At the point of the "Cell Forcing Chain (ER=8.3)" move:
*159  *69    4     | 15678 1568  2     | 79   *56    3
 135-9 2369  125   | 167   4     156   | 279   8     259
 8     267   257   | 3     56    9     | 1     2456  245
-------------------+-------------------+------------------
*19    289   3     | 158   7     1458  | 2489  24    6
 4     5     28    | 9     2368  36    | 38    7     1
 6     2789  1278  | 128   1238  134   | 5     234   29
-------------------+-------------------+------------------
 35    4     9     | 256   2356  7     | 23    1     8
 7     1     6     | 28    9     38    | 234   2345  245
 2     38    58    | 4     135   135   | 6     9     7

r2c1 -9- r4c1 -1- r1c1( -9- r2c1) -5- r1c8 -6- r1c2 -9- r2c1 ==> r2c1<>9

Ron,

Upon reflection, I would call it an ALS-XZ chain with als 1 r1c28.<569> -5- als 2 r14c1.<159> => r2c1 <> 9. I think I read somewhere that all APEs could be described by ALS chains??? But, almost all APE descriptions imply that the eliminations occur within one of the APE core cells, so I'm not sure how this particular set of 4 cells would qualify as an APE.

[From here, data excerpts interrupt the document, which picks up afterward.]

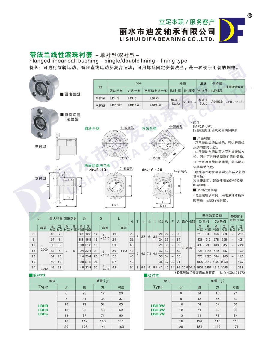 • 帶法蘭線(xiàn)性滾珠襯套 -單襯型/雙襯型
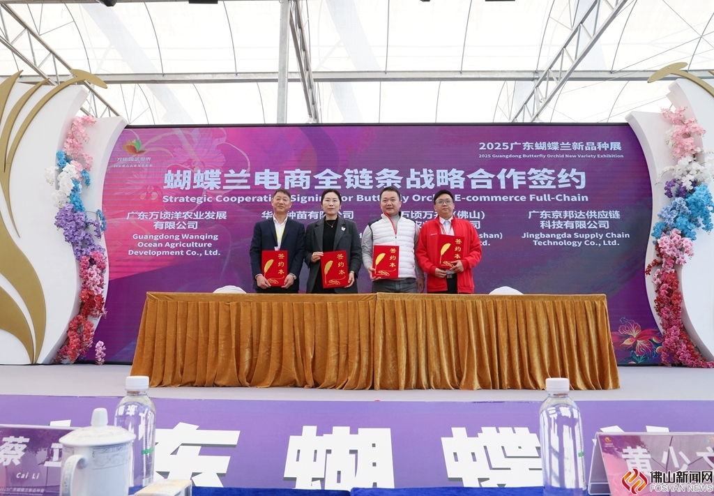 同时,广东万顷洋农业发展有限公司、华乐种苗有限公司、万顷万卉(佛山)农业有限公司及广东京邦达供应链科技有限公司还达成了“蝴蝶兰电商全链条战略合作”,将整合技术资源和产业资源,打造从种植生产、物流配送到市场营销的全产业链一体化运营模式,推动蝴蝶兰产业向数字化、智能化方向发展。
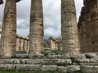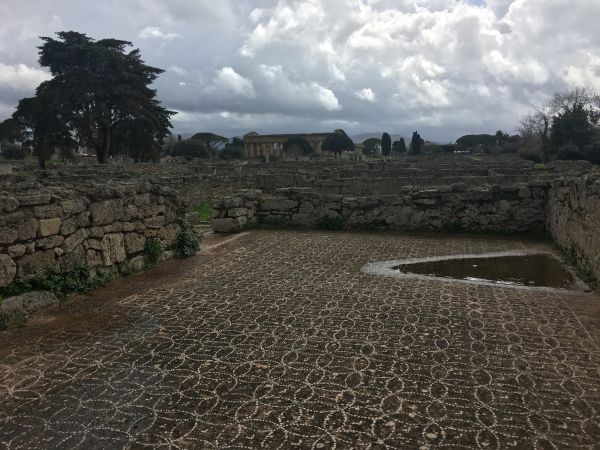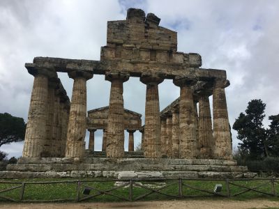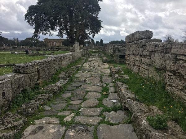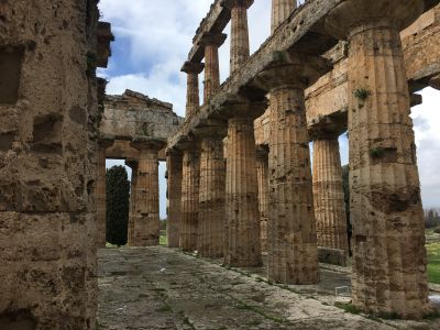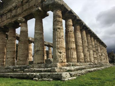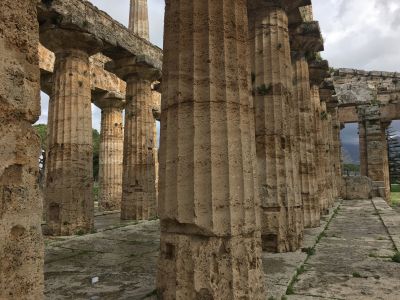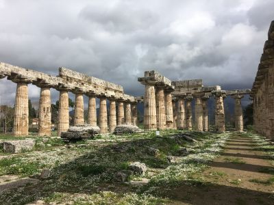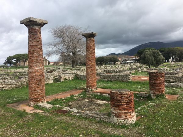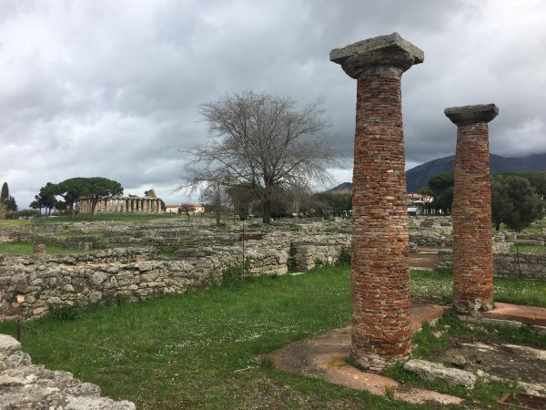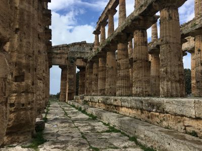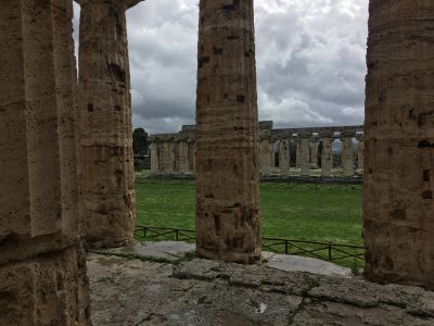 So we settled into a nice parking spot in the attended car park and made our way to the ruins of Paestum. This site was established as part of ‘Magna Graecia’, the name given to the Greek settlements that covered much of southern Italy between the 8th and 3rd centuries BC. Originally it was called Poseidonia, after the Greek god of the sea, but was re-named when the Romans took control. Despite the fact that it became a Roman city it still has a significantly Greek feeling, not least because of the three impressive temples whose stout pillars still stand. The Roman empire was very good at appropriating and re-using the best bits of the cultures they conquered.
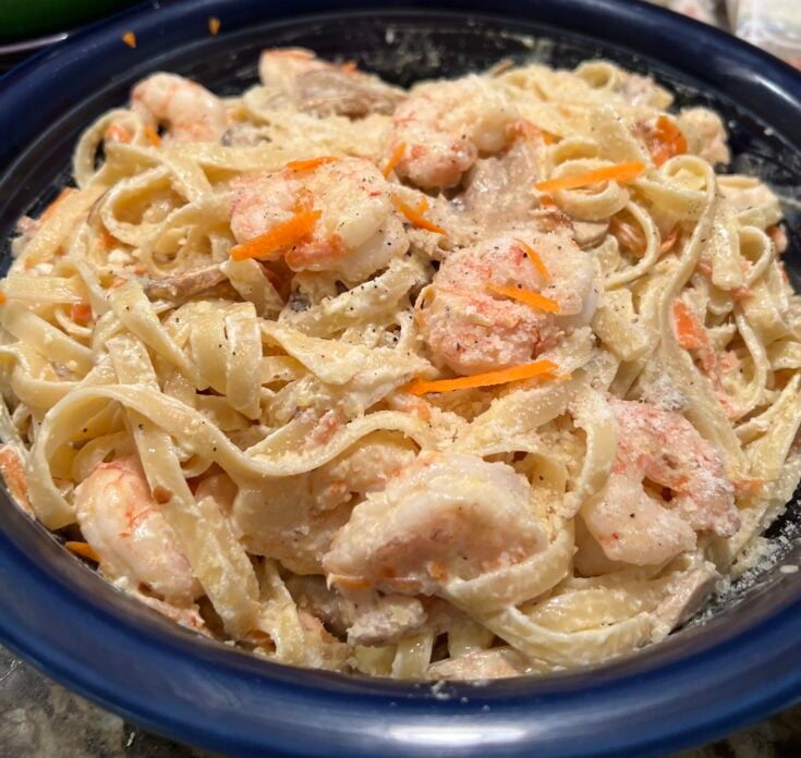 I’m not sure if I stumbled across this recipe in a magazine or a cookbook at the library (I was on such a tight budget, I would check out cookbooks and then copy down recipes that I thought seemed easy to make!) This fettuccine with shrimp recipe really IS easy to make. As my hubby, Doug, says, “this is really tasty!”
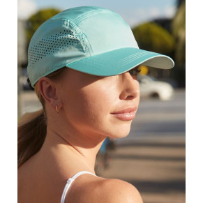 Lehký a prodyšný materiál, měkká potní páska, laserované větrací otvory, nastavitelné zapínání na klip s popruhem, regulující vlhkost a rychleschnoucí, štítek TearAway, nesmí se prát, nelze žehlit, nelze sušit v sušičce, nelze chemicky čistit.
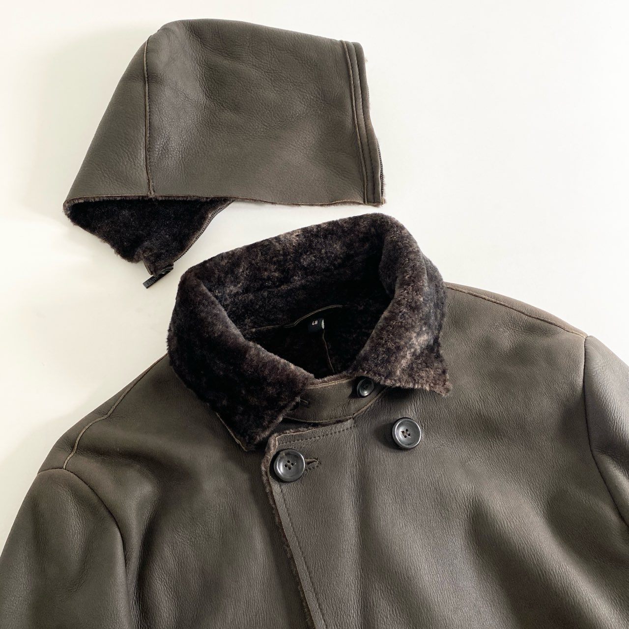 88j2 ARMANI COLLEZIONI アルマーニ コレッツォーニ ムートンコート レザーコート ロングコート フード付き サイズ48 ダークブラウン系 メンズ 男性用
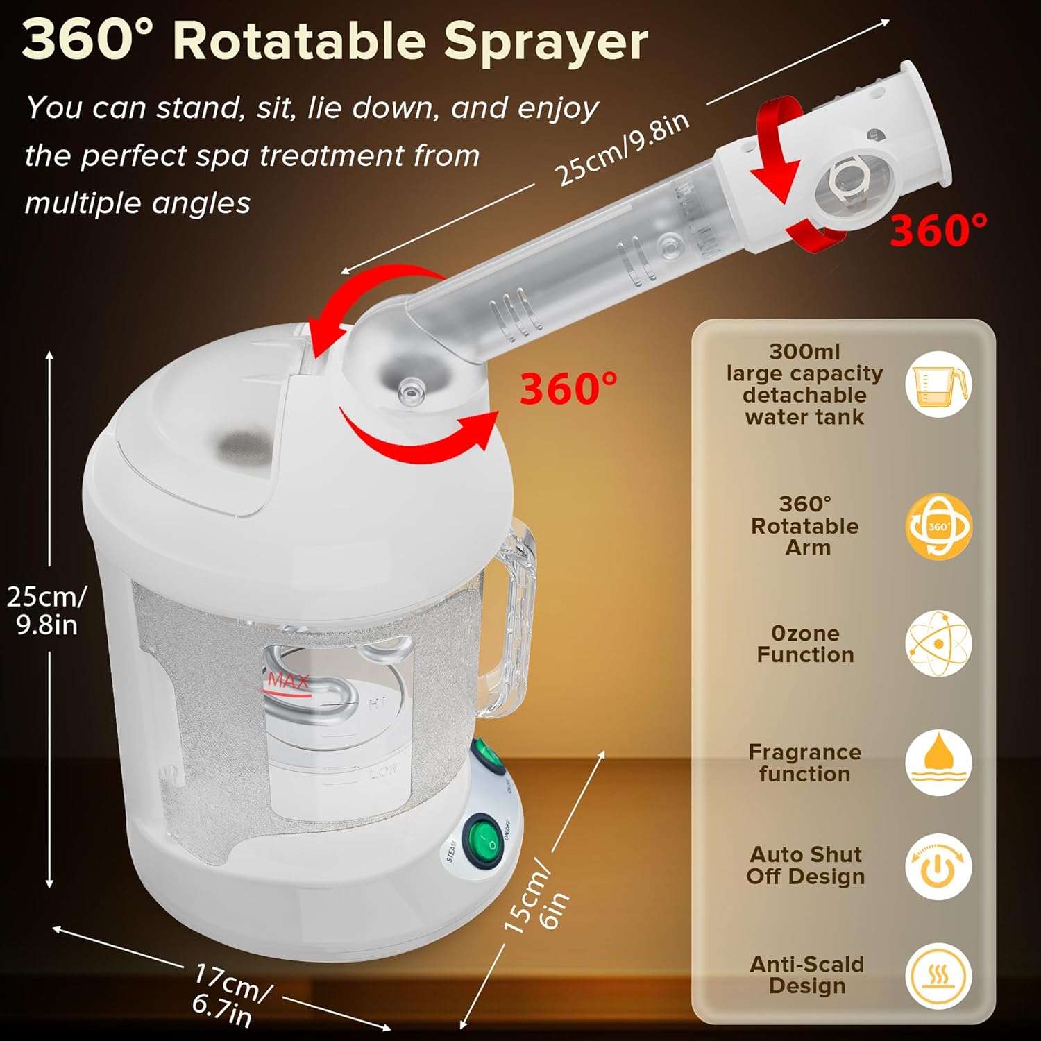 • 【360° Rotating Sprayer】: The sprayer angle can be adjusted according to your needs, you can lie, stand, sit, you just need to stay there in the most relaxing and comfortable way to enjoy the perfect facial spa. Keep your face at least 8 inches from the nozzle to avoid burns.
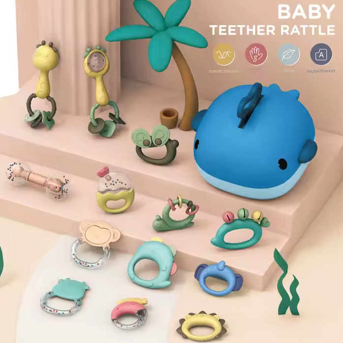 جغجغه صندوقی 13 تکه همراه با آبچکان مدل نهنگ
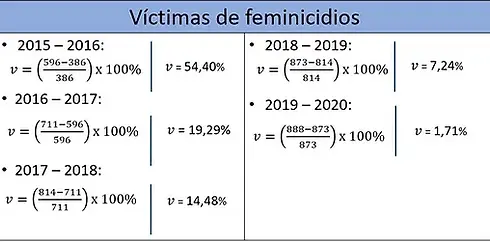 Por otro lado, en los años 2016 y 2017 se vio un aumento de 19,29% de víctimas, en 2017 y 2018 se vio un aumento de 14,48% de víctimas, en 2018 y 2019 se vio un aumento de 7,24% de víctimas de feminicidio.
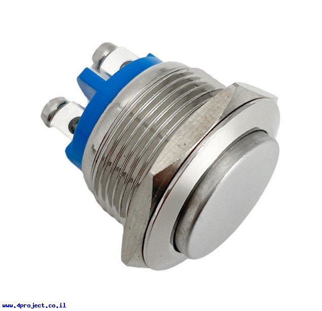 גוף הכפתור עשוי בפלדת אלחלד בקוטר של כ-19 מ"מ. הצורה העגולה מאפשרות התקנה קלה בפנל הפרוייקט.
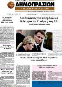 ΠΡΩΤΟΣΕΛΙΔΑ ΕΦΗΜΕΡΙΔΩΝ – ΠΕΜΠΤΗ 20 ΙΟΥΝΙΟΥ 2024
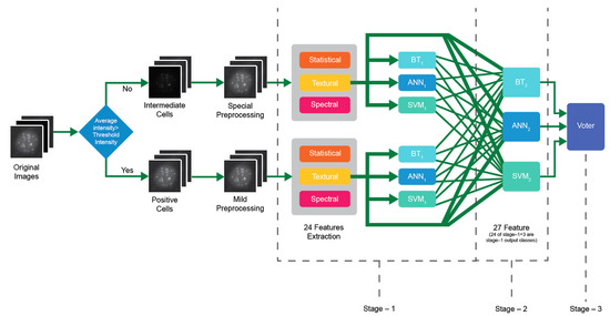 ANN was also an appropriate classifier for the HEp-2 cell categorization problem. The HEp-2 cell classification problem is considered a complex classification problem because the intraclass variations are more. ANN can handle such issues by adjusting the weights by the more sophisticated algorithms like scaled conjugate gradient back propagation (SCGBP) during the training process. SVM was considered as a suitable classifier [28]. The BT, ANN, and SVM were base classifiers. In the proposed Multistage Classification Scheme (MSCS), BT1, ANN1, and SVM1 were trained individually with only 24 On the image training datasets in the first stage as base learners. In the second stage, the feature set was augmented to 27 elements with the first stage prediction results again meta learners BT2, ANN2, and SVM2 were trained for this augmented feature set to achieve better accuracy. Both intermediate as well as positive cells feature set are combined to produce a prediction class. The first stage prediction results had significantly less intraclass variance and good inter-class variance. Thus, the performance of classification increases in the second stage of the classification. In the third stage, the results of the BT2, ANN2, and SVM2 were combined using majority voter logic to produce a predicted class. The majority voter logic was appropriate, as the instances with different prediction results from the three classifiers were lower. To validate the efficiency of the proposed architecture, the leave-one-specimen-out validation scheme has been modified.

I'm surprised that there were objections to defining this as an ATE with the core triplet cells r1c1 r1c2 and r2c1. The exclusion cells r1c8 and r4c1 by themselves reduce the candidate combinations of the core cells to produce the r2c1 <> 9 elimination. SE incorrectly enforces bi-values to see all three core cells for an Aligned Triple, if I'm reading the code correctly at lines 115-123 of AlignedExclusion.java. It is sufficient to be a peer to any 2 of the three core cells of an Aligned Triple in order for a bi-value exclusion cell to eliminate combinations. Only a tri-value exclusion cell needs to see all 3 core cells in ATE. I've experimented with Stuart's Type 2 eliminations, and two-cell triple value ALSs do indeed act as 3 pseudo-cell bi-values. If the ALS candidates are ABC, then the 3 pseudo-cells produced are AB, AC, and BC exactly as Stuart described them. All the cells describing the ALS must be peers to both core cells of an APE, or any 2 cells of an Aligned Triple. By extension, a 3 cell 4 candidate ALS with values ABCD can act as 4 pseudo-cell tri-values: ABC, ABD, ACD, and BCD provided all 3 ALS cells are peers of all 3 core cells of the Aligned Triple. As it turns out, for APE the 2 core cells can be positioned anywhere in the grid as there are always a minimum of 2 cells that qualify as exclusion cell positions, although such a setup probably overlaps UR tremendously. I currently limit my ATE processing to enforce sharing a chute between any 2 core cells, but this was done mostly to speed-up the processing since the algorithm is painfully slow, but it seems likely that any 3 cells could potentially define the core cells.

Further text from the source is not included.